> [Data segment]
★ ★ ★ ★ ★

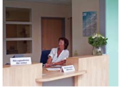
controle op de poli

Er wordt tevens een afspraak gemaakt voor de volgende dag op de poli oogheelkunde in Tiel of Culemborg.
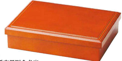
⑭ F-4-43 A 8寸長手布目副食弁当 春慶 (仕切別) ¥2,550 (24.2×19.2×6) 欄50
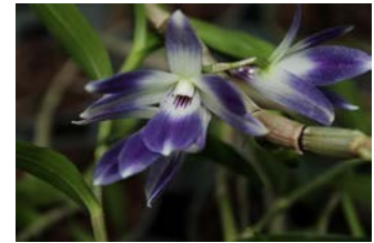
Dendrobium victoria-reginae Herman ter Borch

★ ★ ★ ★ ★

> [Work item] Check each line above for the word "poli" and copy the ones that have it.

> [Task result]
controle op de poli
Er wordt tevens een afspraak gemaakt voor de volgende dag op de poli oogheelkunde in Tiel of Culemborg.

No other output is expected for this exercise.